Au cœur de cette fiction qui a, par bien des aspects, une dimension documentaire, émerge évidemment le jeune Zain Al Rafeea qui impose, avec sincérité et une énergie mêlée de tristesse et de lassitude, un personnage de gamin des rues à la langue bien pendue. Il donne du « fils de pute » à tour de bras mais il est vrai aussi que sa mère le traite d’ordure et de bâtard…

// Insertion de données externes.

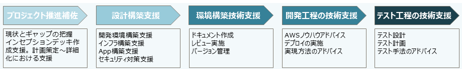 クラウド環境の設計や構築、アプリケーションの開発、テスト・移行、そして運用・サポートまで、全工程を支援しています。

Diversement apprécié par la presse à Cannes (Libération avait titré « L’indécence plombée de Capharnaum » en reprochant à Labaki de dépeindre grossièrement la souffrance des gosses des rues de Beyrouth), Capharnaum, récompensé d’un prix du jury, reste cependant une œuvre forte. On pourrait, à la rigueur, lui reprocher le côté happy ending du « Smile » demandé à Zain par un photographe hors champ qui lui tire le portrait pour son passeport. Un vrai sourire, le seul assurément de Zain, que la cinéaste gardera, en ultime image fixe, à l’écran.
Dans une récente interview sur France Inter, Nadine Labaki racontait que Zain Al Rafeea allait très certainement partir vivre en Norvège, réalisant ainsi le rêve suédois de son personnage… Comme un happy end.
CAPHARNAUM Drame (Liban – 2h03) de Nadine Labaki avec Zain Al Rafeea, Yordanos Shiferaw, Boluwatife Treasure Bankolé, Kawthar Al Haddad, Fadi Kamel Youssef, Cedra Izam, Alaa Chouchnieh, Nadine Labaki. Dans les salles le 17 octobre.